After talking with you, meeting the team, and getting a better understanding of what is involved in the position, I am even more confident that there can be no better match. Don Pearce showed me several recent projects and Jody Fryer explained the process and gave me a look at the computer applications that I might be using. I am very familiar with the entire setup and have done work almost identical to the examples that I was shown.

Currently, my schedule is flexible, and knowing your urgency to fill the position, I would like to meet Mr. Brown at his earliest convenience. Please drop me an email or a quick call with a date and time, and I'll be sure to arrange my schedule so that I can meet Mr. Brown. Thank you again for your time; I look forward to hearing from you soon.

Best regards,

First Name Last Name


follow-up phone calls

Calling a potential employer after a networking event or opportunity is crucial in setting yourself apart from your peers as well as leaving a lasting impression. Some say it may even be the “make it or break it” factor in the job seeking process.  But don’t worry, were here to help!

Ex. Phone Call(Folow-Up)

"Hi this is Jessica Jones. You and I met last week, and if you remember, I am an recent graduate and I applied for the marketing manager position. The project teams I've worked on have achieved Huge Benefit AAwesome Result B, and Significant Achievement C. You might recall I've held positions with increasing levels of responsibility at HugeFirm Inc. and ImpressiveCo ... and like we talked about, I think that's the type of experience you're looking to bring to your team. I'm following up with you to show some initiative because I do think I'm qualified and I sincerely hope you'll end up extending me an offer. Can you please give me a ring back or shoot me an email to let me know where you are with the hiring process? I'm at 555.123.1212, that's 555.123.1212. Thanks Mike, please do keep me posted. Bye."

Follow up Calls: Dos and Don’ts

Be prepared. Have a copy of your resume in front of you when you call. That way, you'll be prepared to answer questions if the interviewer has any. This will also help you avoid feeling flustered on the phone call or rambling. Have a list of references ready in case you are asked for them.

Make a list. Create a short list of what you're going to say, including your key qualifications for the job.

Practice. If you're nervous about calling, and that's entirely understandable, practice. Ask a friend or family member to pretend they are the hiring manager and make a couple of calls. The more you say it, the easier the conversation will be when it's for real.

Call in private. You obviously don't want to call from a cubicle at work, but it's also important not to have a lot of background noise if you call from home or somewhere in public. You need to be able to hear, think, and speak clearly, and a quiet spot to call from will make all the difference in the world.

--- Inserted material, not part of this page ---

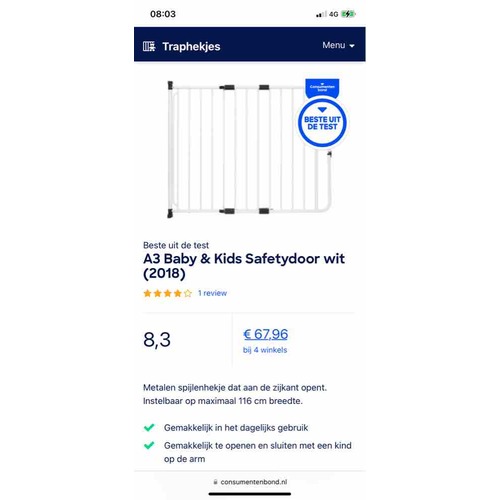 Na lang zoeken hebben wij traphekje van het merk BabyDan Guard Me gekocht. Deze is één van de best geteste traphekje. Een beetje prijzig ten opzichte van andere merken en je moet helaas ook boren. Maar voor de veiligheid van onze dochters is het allemaal waard.
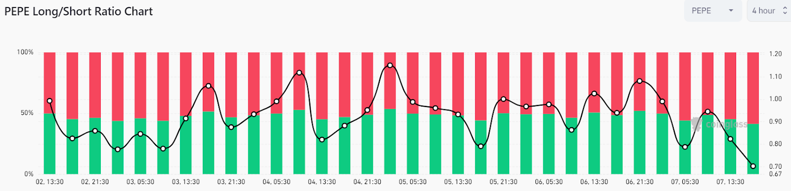 Moreover, the sentiment among traders is shifting towards bearish positions, as seen by the long/short ratio’s downturn. The indicator has dropped to a low of 0.7021, with shorts accounting for over 58% of positions, showing a majority preference for betting against the coin. Nevertheless, the bulls haven’t given up the fight entirely, upholding the resistance with 42% of positions being long.

Smile. If you project confidence when you call, it will get through to the other end of the phone line. Confident and assured candidates have a better chance at getting a job offer than someone who is nervous and hesitant.

Call the decision-maker. Be sure to get the interviewer's business card at the end of the interview if you don't already have a phone number. It's important to talk to the person who has hiring authority or can at least recommend you as the top candidate for the job.

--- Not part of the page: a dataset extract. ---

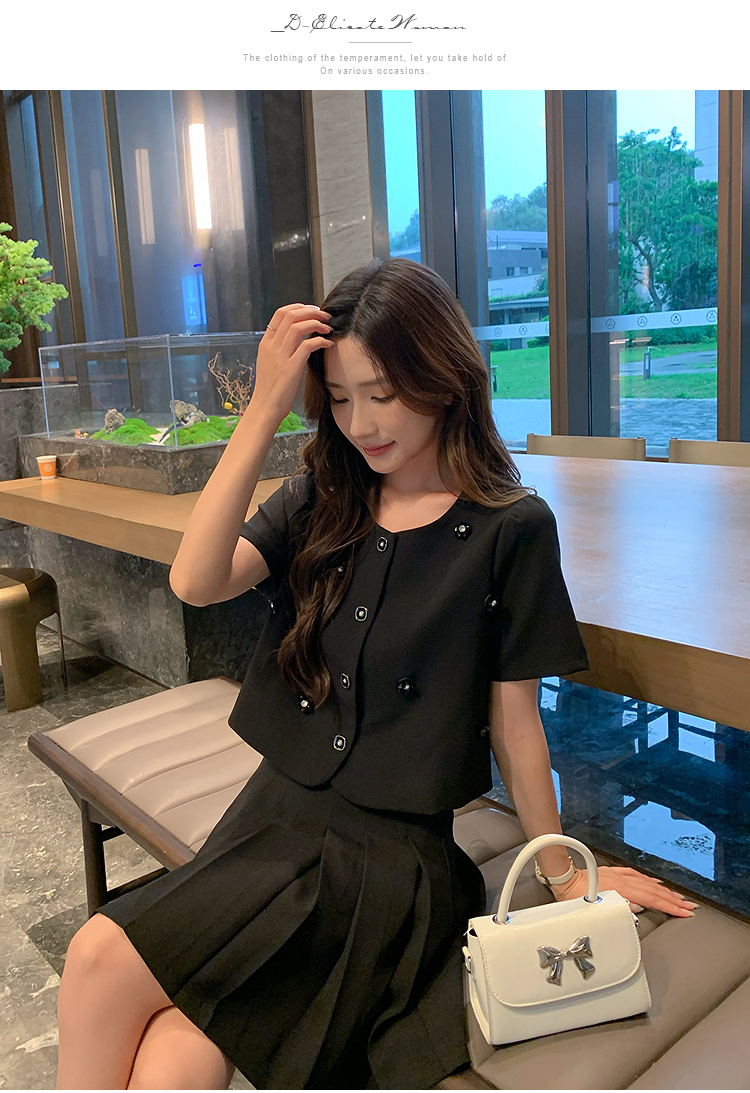奢姿大码女装2025夏季减龄立体花朵时尚两件套胖妹妹百褶通勤套装9952953300

Make a match. Mention how you are a perfect fit for the position, highlighting -- specifically -- why you're a match. Briefly mention the qualifications you have and tie them to what the employer is seeking.

Offer information. Use your follow up call as a way to both thank your interviewer and to ask if you can provide them with any further information to help make a decision.

Take it a step further. If the conversation goes well, you can even ask when you might expect the company to make a decision.

Don't overdo it. Don't call the interviewer multiple times. The employers surveyed by Accountemps definitely didn't want multiple phone calls. This is your one shot at making another good impression, so use it wisely, but don't overuse it.